(Task statement) Extract the opening line of the entries and every line after it, stopping at and including the line that contains "这张表为手动整理的2023招". Do not include pictures.

(Data under study Opens)

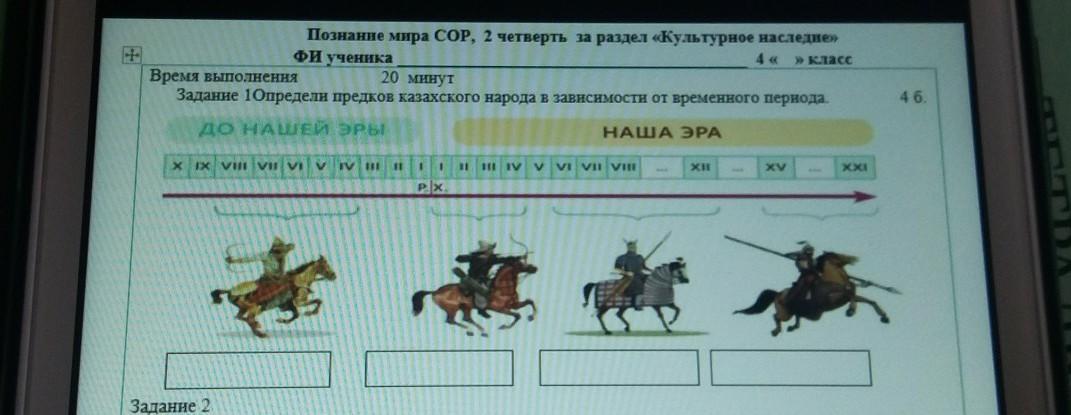Задание 1Определи предков казахского народа в зависимости от временного периода
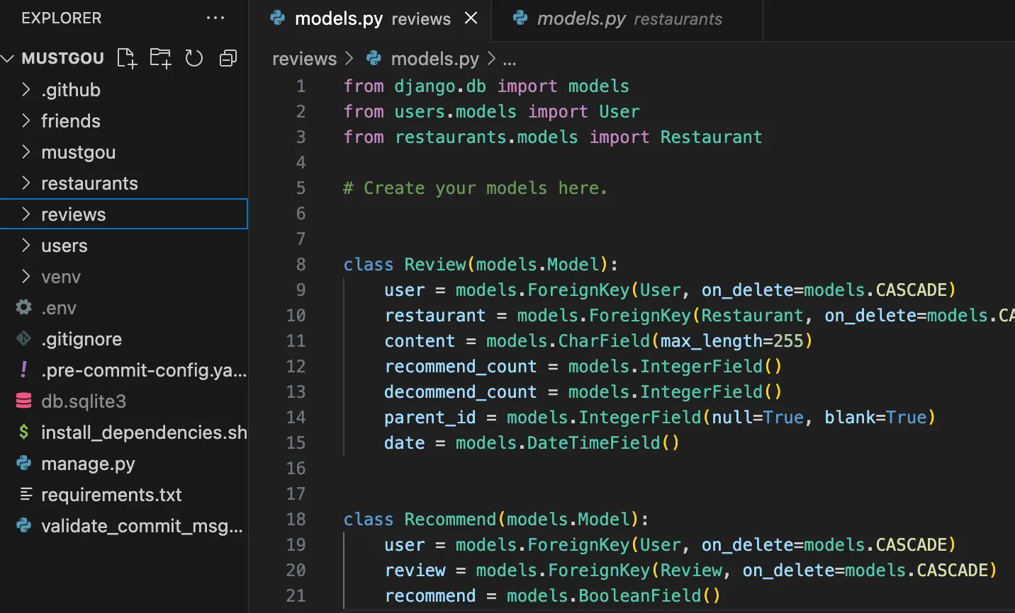 왼쪽 보면 프로젝트 안에 users, friends, restaurants, reviews 앱 만들었고,
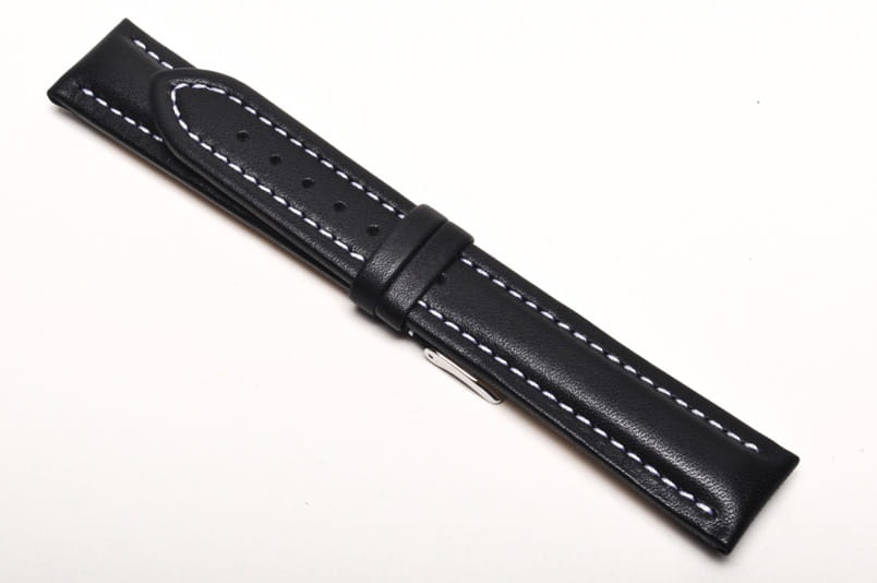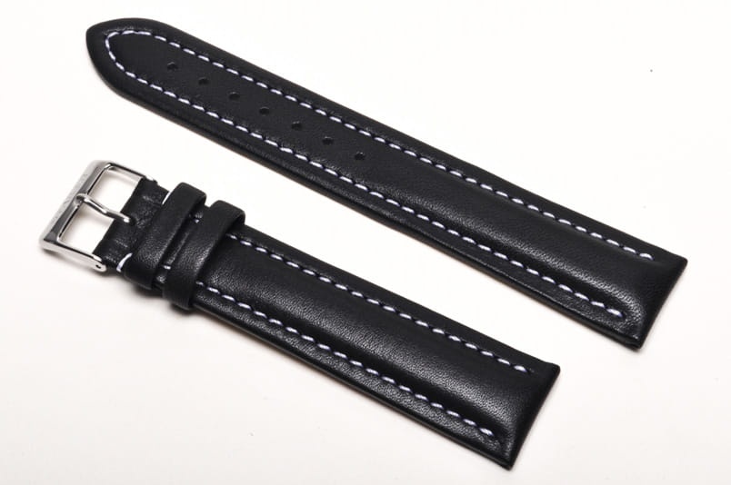 Wykonany ze skóry cielęcej, z delikatną fakturą i połyskiem. Przeszyty białą nicią. Pogrubiany przy mocowaniu, dalej cieniowany. Dwie szlufki, stalowa klamerka. Wersja XL
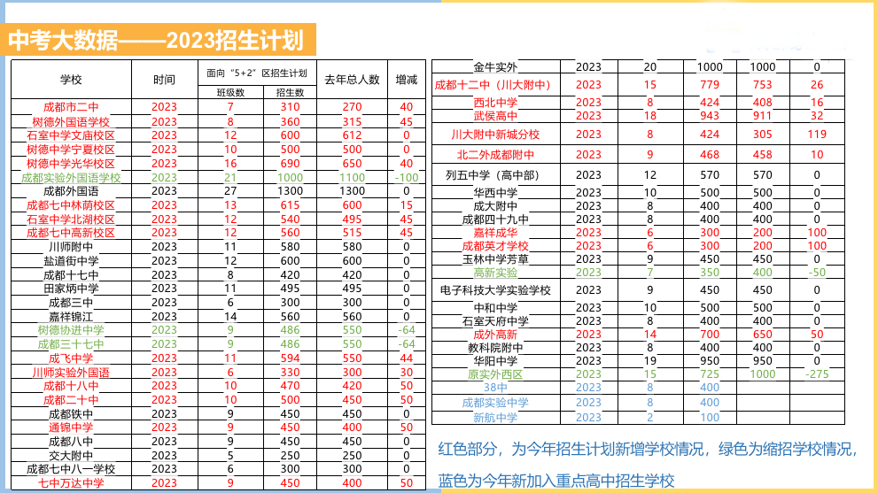 这张表为手动整理的2023招生计划,红色部分,为今年招生计划新增学校情况,绿色为缩招学校情况,蓝色为今年新加入重点高中招生学校。都在说今年学位增加了,具体增加到哪里了?如上!
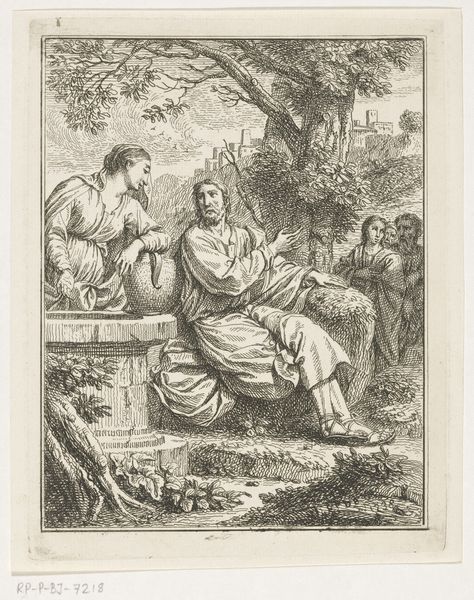 Pietro da Cortona created this print, titled *Christ Appearing to Mary in the Garden,* using etching in 1768. Da Cortona, working in the 17th century, was a key figure in the development of Baroque architecture and painting. Here, we see a representation of a pivotal moment from the New Testament: Mary Magdalene's encounter with the resurrected Christ. The depiction invites us to consider the gendered dynamics of religious narratives, where female figures often serve as witnesses or recipients of divine revelation. Mary Magdalene, traditionally depicted kneeling or reaching out, embodies the complex interplay of reverence, supplication, and recognition. What does it mean to place a woman as the first to see the resurrected Christ? What assumptions are being made about the appropriate ways for women to express their belief? This piece encourages us to reflect on the stories we tell, and the ways we visualize faith and belief.
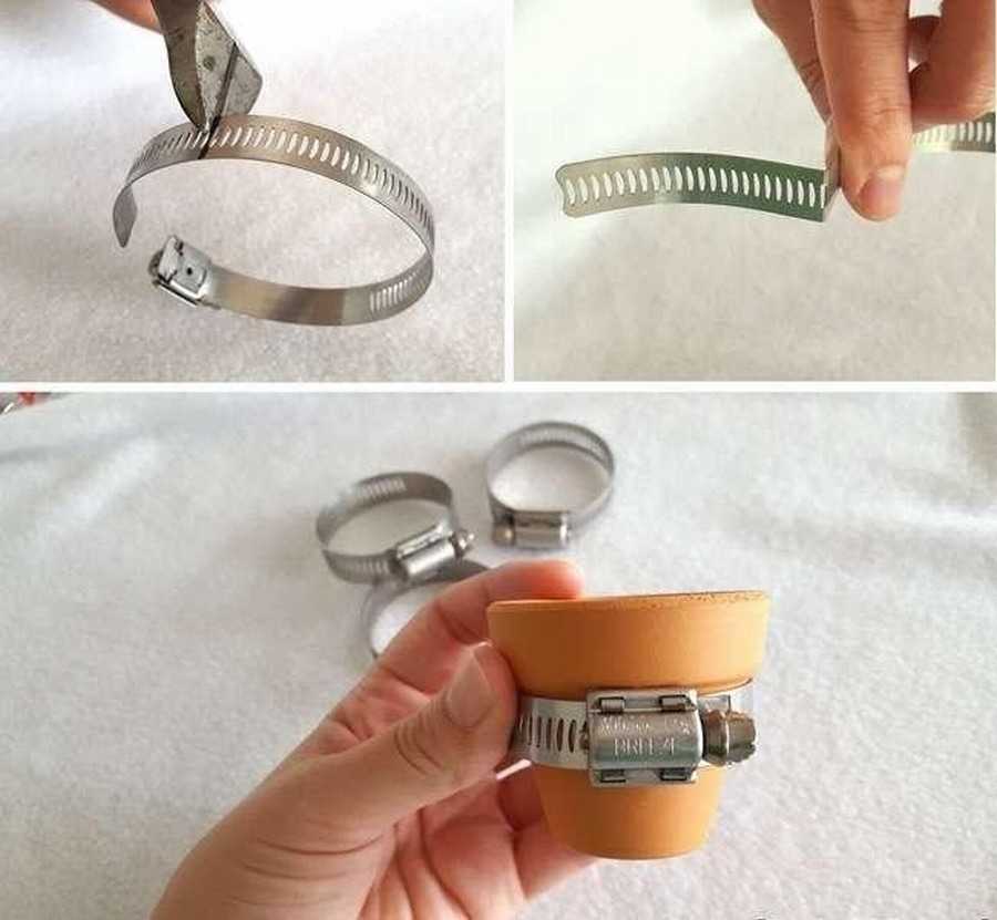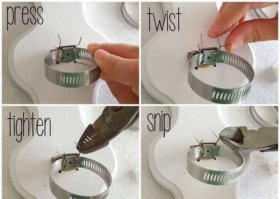 Металлические хомуты фиксируются на доске при помощи вязальной проволоки:

(Data under study Closes)

(Your response)
Задание 1Определи предков казахского народа в зависимости от временного периода
 왼쪽 보면 프로젝트 안에 users, friends, restaurants, reviews 앱 만들었고,
 Wykonany ze skóry cielęcej, z delikatną fakturą i połyskiem. Przeszyty białą nicią. Pogrubiany przy mocowaniu, dalej cieniowany. Dwie szlufki, stalowa klamerka. Wersja XL
 这张表为手动整理的2023招生计划,红色部分,为今年招生计划新增学校情况,绿色为缩招学校情况,蓝色为今年新加入重点高中招生学校。都在说今年学位增加了,具体增加到哪里了?如上!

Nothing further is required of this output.